### Activity
The output is a word-for-word repeat of the listing below, free of images.

================

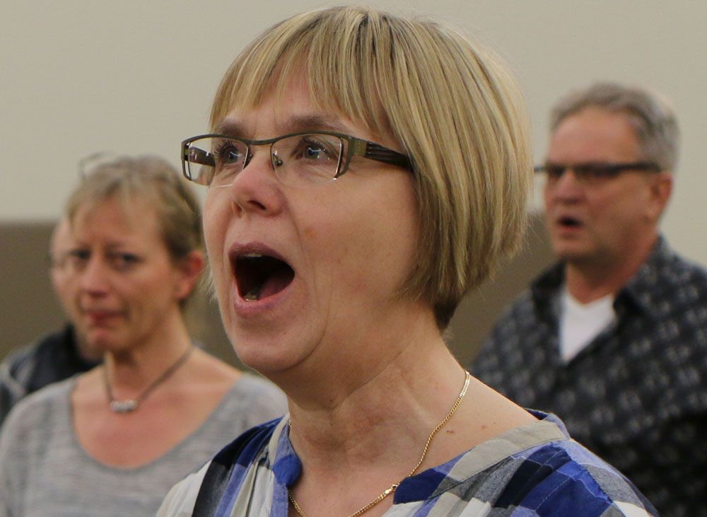 – Blodcirkulationen går alltid i gång, det märker man ju. Det blir varmt och svettigt när vi kör våra olika stämmor och låtar, det är som ett träningspass. Och man blir liksom mjukare i hela kroppen, säger röntgensjuksköterskan Eva Carlsson som tillhör Lövsångarnas sopraner.
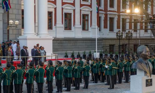 photo: GCIS President Jacob Zuma observes the twenty-one gun salute outside Parliament ahead of the State of the Nation Address in Cape Town.
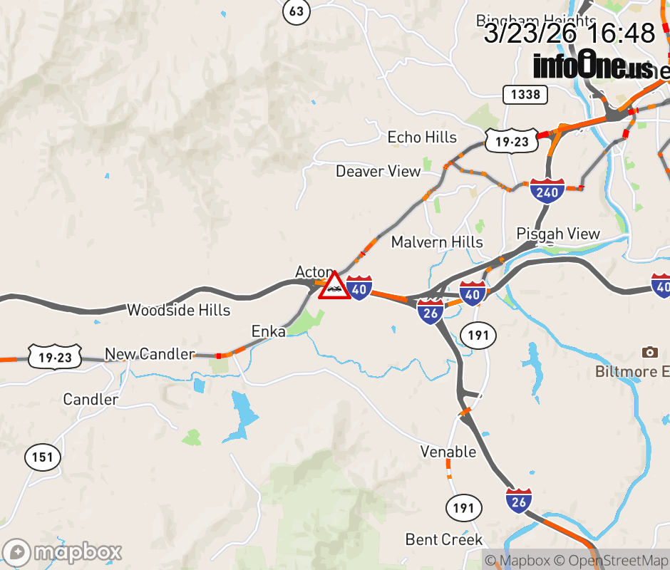 The right lane is closed before Exit 44, US 19 (Smokey Park Hwy) ![]() |
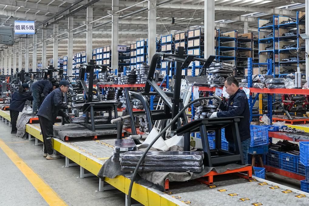 جينان 4 أبريل 2025 (شينخوا) في الصورة الملتقطة يوم 2 أبريل 2025، جانب من شركة لمعدات اللياقة البدنية في محافظة نينغجين بمقاطعة شاندونغ في شرقي الصين.
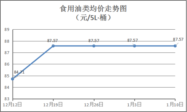 食用油类商品价格稳定。本周所监测的9种食用油(5L装)商品均价为87.57元/桶,环比均持平。其中:金龙鱼花生油、大豆油、金龙调和油5L装零售均价分别为每桶115元、65元、74元,环比与上周均持平。
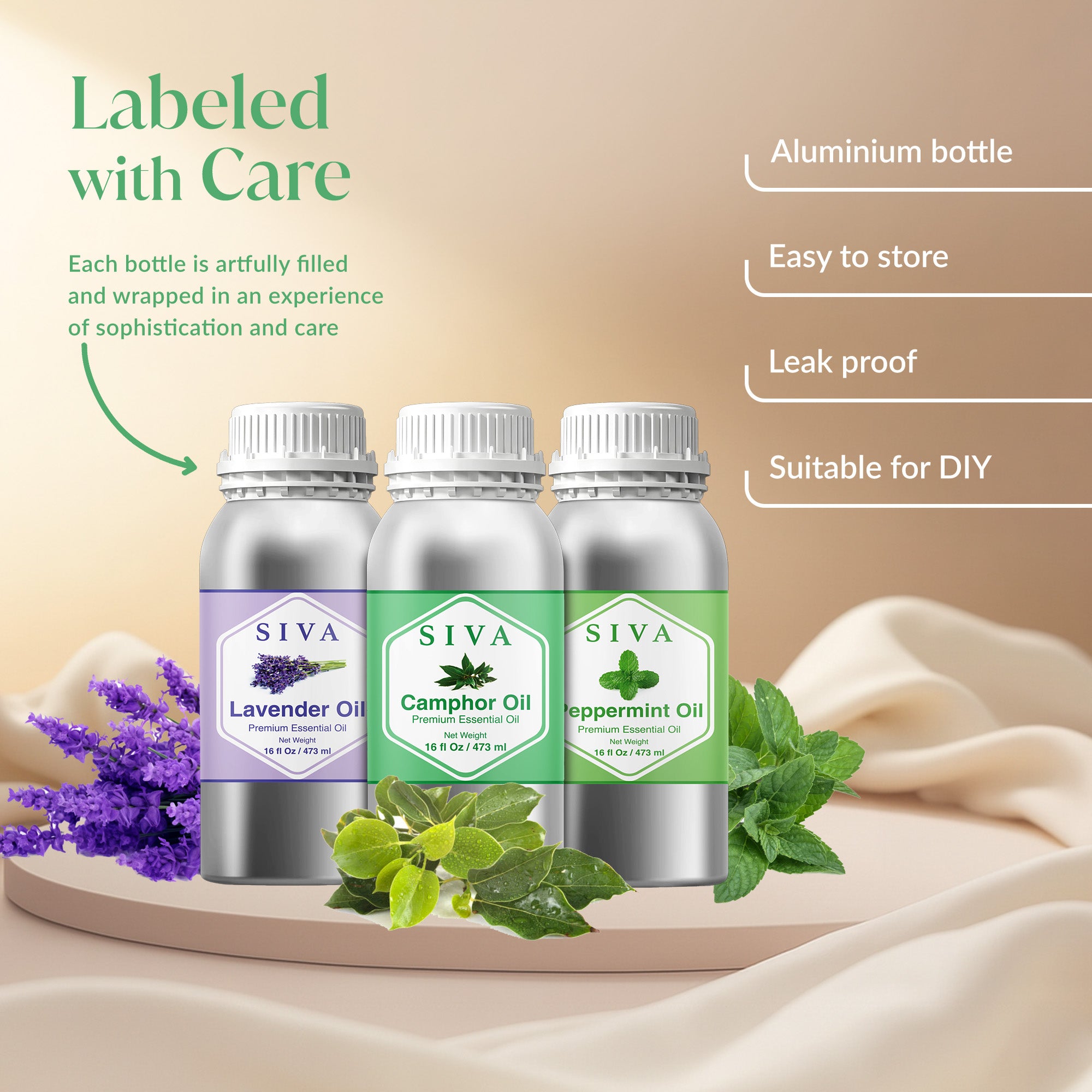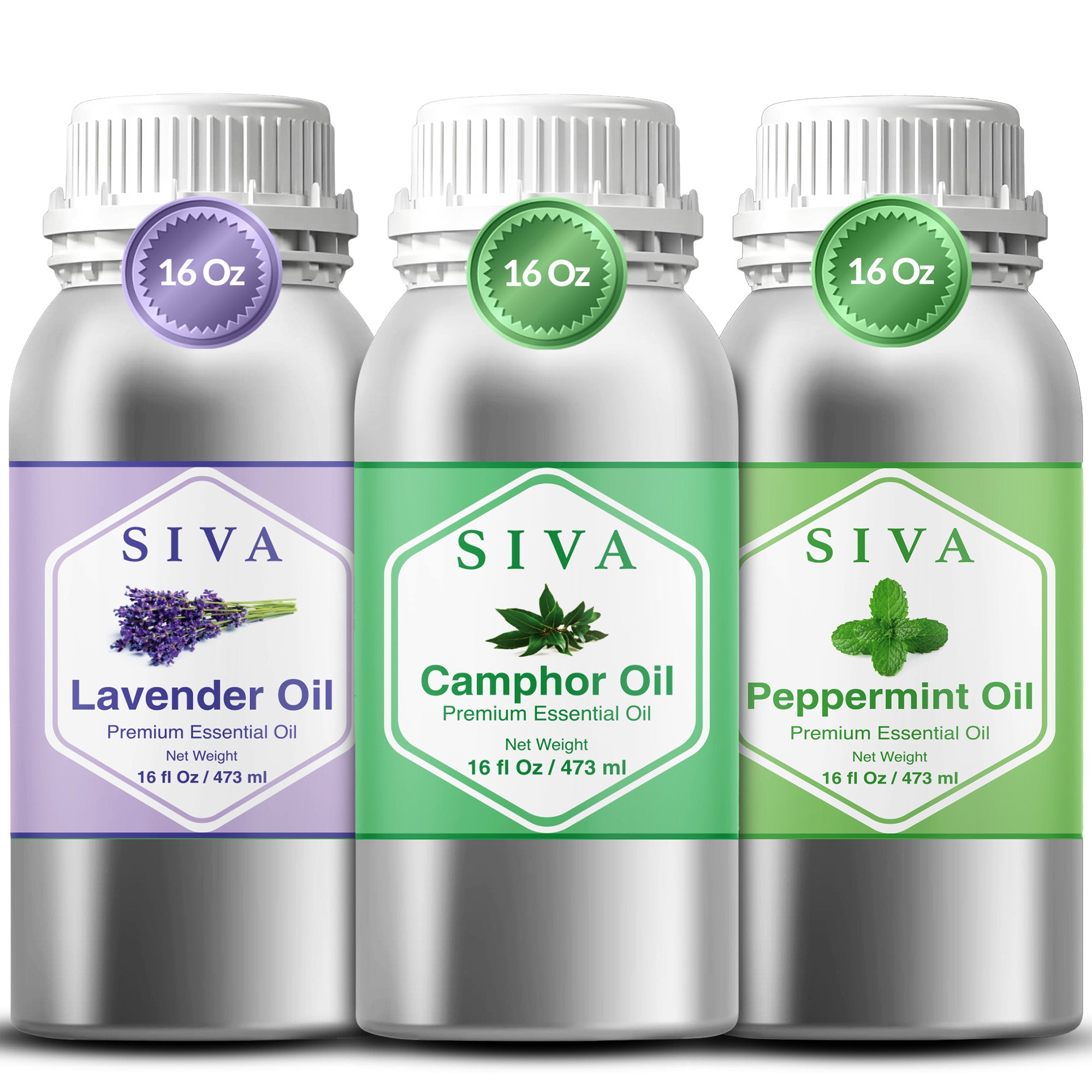 SIVA Camphor, Peppermint, and Lavender Essential Oils 16 oz are completely natural oils carefully selected to add freshness, and balance to your everyday activities. SIVA Camphor Oil is a product which is obtained by steam distillation of wood of Cinnamomum Camphora. SIVA Peppermint Oil is steam distilled out of leaves on Mentha Piperita and SIVA Lavender Oil is steam distilled out of Lavandula Angustifolia flowers. It contains no preservatives and includes convenient droppers so that one can easily and precisely apply it. An ideal value assortment to your well-being and creative wants, it is a brilliant inclusion to any essential oil set.

================

### Exercise answer
 – Blodcirkulationen går alltid i gång, det märker man ju. Det blir varmt och svettigt när vi kör våra olika stämmor och låtar, det är som ett träningspass. Och man blir liksom mjukare i hela kroppen, säger röntgensjuksköterskan Eva Carlsson som tillhör Lövsångarnas sopraner.
 photo: GCIS President Jacob Zuma observes the twenty-one gun salute outside Parliament ahead of the State of the Nation Address in Cape Town.
 The right lane is closed before Exit 44, US 19 (Smokey Park Hwy) ![]() |
 جينان 4 أبريل 2025 (شينخوا) في الصورة الملتقطة يوم 2 أبريل 2025، جانب من شركة لمعدات اللياقة البدنية في محافظة نينغجين بمقاطعة شاندونغ في شرقي الصين.
 食用油类商品价格稳定。本周所监测的9种食用油(5L装)商品均价为87.57元/桶,环比均持平。其中:金龙鱼花生油、大豆油、金龙调和油5L装零售均价分别为每桶115元、65元、74元,环比与上周均持平。
 SIVA Camphor, Peppermint, and Lavender Essential Oils 16 oz are completely natural oils carefully selected to add freshness, and balance to your everyday activities. SIVA Camphor Oil is a product which is obtained by steam distillation of wood of Cinnamomum Camphora. SIVA Peppermint Oil is steam distilled out of leaves on Mentha Piperita and SIVA Lavender Oil is steam distilled out of Lavandula Angustifolia flowers. It contains no preservatives and includes convenient droppers so that one can easily and precisely apply it. An ideal value assortment to your well-being and creative wants, it is a brilliant inclusion to any essential oil set.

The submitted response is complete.